[REQUIRED ACTION] Pictures excluded, please retype exactly the lines from the start of the data through the line that contains "Green color Lehenga", both ends kept, and nothing beyond them.

***** SOURCE DATA

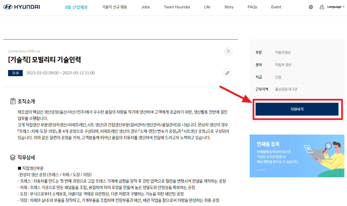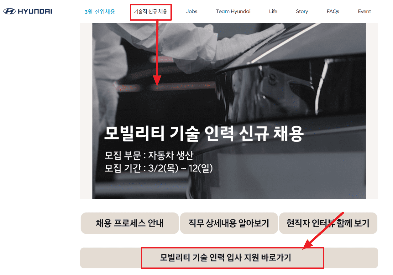 ▲ 화면 아래로 내려가보면 [ 모빌리티 기술 인력 입사 지원 바로가기 ] 버튼이 보이면 클릭 합니다.
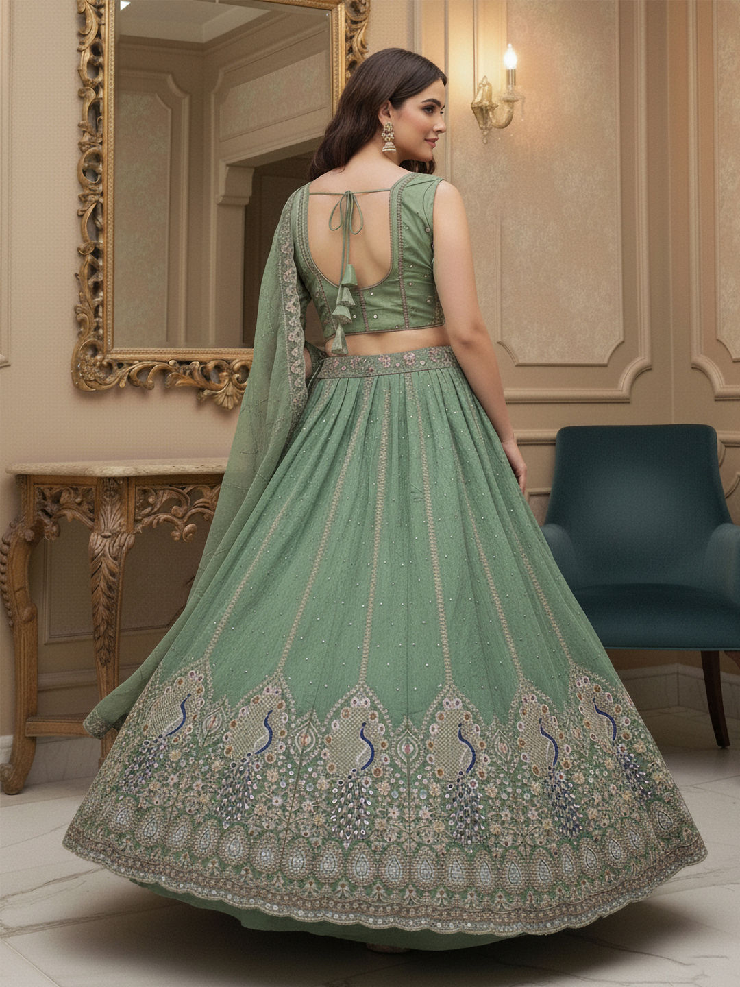 Green color Lehenga in Silk fabric with Embroidered, Sequence work
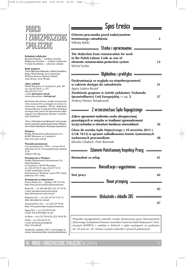 PiZS 8_2014_poprawiony.qxd 2014-08-20 09:50 Page 1 Spis treœci Ochrona pracownika przed nadużywaniem terminowego zatrudnienia Mikołaj Rylski 2 Studia i opracowania Kolegium redakcyjne Krzysztof Rączka — redaktor naczelny Małgorzata Gersdorf — redaktor tematyczny Urszula Joachimiak — sekretarz redakcji Rada naukowa Teresa Bińczycka-Majewska, Andriej Łusznikow, Helga Oberloskamp, Jerzy Oniszczuk, Walerian Sanetra, Marlene Schmit, Anja Steiner, Jerzy Wratny Adres redakcji 00-099 Warszawa, ul. Canaletta 4, pok. 305 tel. (22) 827 80 01, w. 372 faks (22) 827 55 67 e-mail: [email protected] strona internetowa: www.pizs.pl Informacje dla autorów, zasady recenzowania i lista recenzentów są dostępne na stronie internetowej czasopisma. Wersja drukowana miesięcznika jest wersją pierwotną. Redakcja zastrzega sobie prawo do opracowania redakcyjnego oraz dokonywnia skrótów w nadesłanych artykułach. „Praca i Zabezpieczenie Społeczne” jest czasopismem naukowym punktowanym przez Ministerstwo Nauki i Szkolnictwa Wyższego (6 punktów). Wydawca Polskie Wydawnictwo Ekonomiczne S.A. 00-099 Warszawa, ul. Canaletta 4 http://www.pwe.com.pl Warunki prenumeraty Cena prenumeraty w 2014 r.: roczna 624 zł, półroczna 312 zł. Cena pojedynczego numeru 52 zł. Nakład 1400 egz. Prenumerata u Wydawcy Polskie Wydawnictwo Ekonomiczne S.A. Dział Handlowy ul. Canaletta 4, 00-099 Warszawa tel. (22) 827 82 07, faks (22) 827 55 67, e-mail: [email protected] Prenumerata u Wydawcy: roczna 20% taniej, półroczna 10% taniej. The deduction from remuneration for work in the Polish Labour Code as one of elements remuneration-protection system Michał Soćko 13 Wyk³adnia i praktyka Dyskryminacja ze względu na niepełnosprawność w zakresie dostępu do zatrudnienia Agata Ludera-Ruszel Zwolnienia grupowe w świetle judykatury Trybunału Sprawiedliwości Unii Europejskiej — cz. 2 Andrzej Marian Świątkowski 21 27 Z orzecznictwa S¹du Najwy¿szego Zakres uprawnień małżonka osoby ubezpieczonej pozostających w związku ze środkami zgromadzonymi na jej rachunku w otwartym funduszu emerytalnym 36 Glosa do wyroku Sądu Najwyższego z 10 września 2013 r. (I UK 74/13) w sprawie oskładkowania bonów żywieniowych wydawanych pracownikom 38 Monika Gładoch, Piotr Baraniak Zdaniem Pañstwowej Inspekcji Pracy Ekwiwalent za urlop 41 Konsultacje i wyjaœnienia Staż pracy 42 Nowe przepisy Prenumerata u kolporterów: Poczta Polska SA — infolinia: 801 333 444, http://www.poczta-polska.pl/prenumerata; 43 Ruch SA — tel. 801 800 803, (22) 717 59 59, e-mail: [email protected], http://prenumerata.ruch.com.pl; WskaŸniki i sk³adki ZUS Kolporter SA — tel. (22) 355 04 72 do 75, http://dp.kolporter.com.pl; 47 Garmond Press SA — tel. (22) 837 30 08; http://www.garmondpress.pl/prenumerata; Sigma-Not — tel. (22) 840 30 86; e-mail: [email protected]; As Press — tel. (22) 750 84 29, (22) 750 84 30; GLM — tel. (22) 649 41 61, e-mail: [email protected], http://www.glm.pl Archiwalne artykuły z 2013 r. już dostępne na stronie internetowej http: www.pizs.pl/archiwum Wszystkie wynagrodzenia autorskie zostały sfinansowane przez Stowarzyszenie Zbiorowego Zarządzania Prawami Autorskimi Twórców Dzieł Naukowych i Technicznych KOPIPOL z siedzibą w Kielcach z opłat uzyskanych na podstawie art. 20 oraz art. 201 ustawy o prawie autorskim i prawach pokrewnych. PRACA I ZABEZPIECZENIE SPO£ECZNE 8/2014 1 PiZS 8_2014_poprawiony.qxd 2014-08-19 16:16 Page 2 Ochrona pracownika przed nadużywaniem terminowego zatrudnienia The protection of an employee against overusing fixed-term employment Mikołaj Rylski adiunkt w Katedrze Prawa Pracy i Polityki Społecznej, Wydział Prawa i Administracji Uniwersytetu Szczecińskiego Streszczenie Autor podejmuje próbę oceny efektywności przyjętych przez Polskę rozwiązań prawnych w zakresie ochrony pracowników przed nadużywaniem wobec nich terminowego zatrudnienia, a w konsekwencji próbę oceny zgodności polskiego porządku prawnego z prawem Unii Europejskiej. Zdaniem autora analiza art. 251 kodeksu pracy przeprowadzona w świetle dyrektywy 99/70/WE w sprawie pracy na czas określony prowadzi do wniosku, że Polska wadliwie implementowała w tym zakresie prawo unijne, w szczególności przez niezagwarantowanie efektywnego zrealizowania celów dyrektywy. Słowa kluczowe: terminowe zatrudnienie, dyrektywa 99/70/WE, implementacja prawa unijnego, limitowanie umów o pracę, umowa o pracę na czas określony. Summary The article aims at evaluating the effectiveness of the legal solutions adopted by Poland, concerning the protection of employees against overusing fixed-term employment by employers. In consequence, the author has also made an attempt to evaluate the compatibility of the Polish legal order with the EU law. The analysis of the Labour Code regulations, carried in the light of the directive no 99/70/WE, has resulted in the conclusion that Poland faultily implemented the union law in this scope, especially due to the lack of guarantees that the purposes of the directive would be realized effectively. Keywords: fixed-term employment, 90/70/WE directive, implementation of the union law, limiting the number of employment contracts, fixed-term employment contract. Uwagi wprowadzające Intensywne dyskusje nad stopniem i mechanizmami ochrony pracownika przed terminowym zatrudnieniem trwają nieprzerwanie od lat 90. ubiegłego wieku i to zarówno na szczeblu krajowym, jak i europejskim. Ich źródłem było i jest powszechne przekonanie, że to zatrudnienie bezterminowe najlepiej chroni interesy pracownika, którego praca stanowi jeden z najważniejszych czynników warunkujących dobrobyt jednostki i rozwój społeczeństwa1. Natomiast ich efektem są konkretne unormowania obowiązujące w polskim porządku prawnym, a także akty normatywne wydawane na szczeblu europejskim, zwłaszcza unijne dyrektywy. Podstawową regulacją polskiego prawa pracy mającą chronić pracowników

**********

[ANSWER FOR THE TASK]
 ▲ 화면 아래로 내려가보면 [ 모빌리티 기술 인력 입사 지원 바로가기 ] 버튼이 보이면 클릭 합니다.
 Green color Lehenga in Silk fabric with Embroidered, Sequence work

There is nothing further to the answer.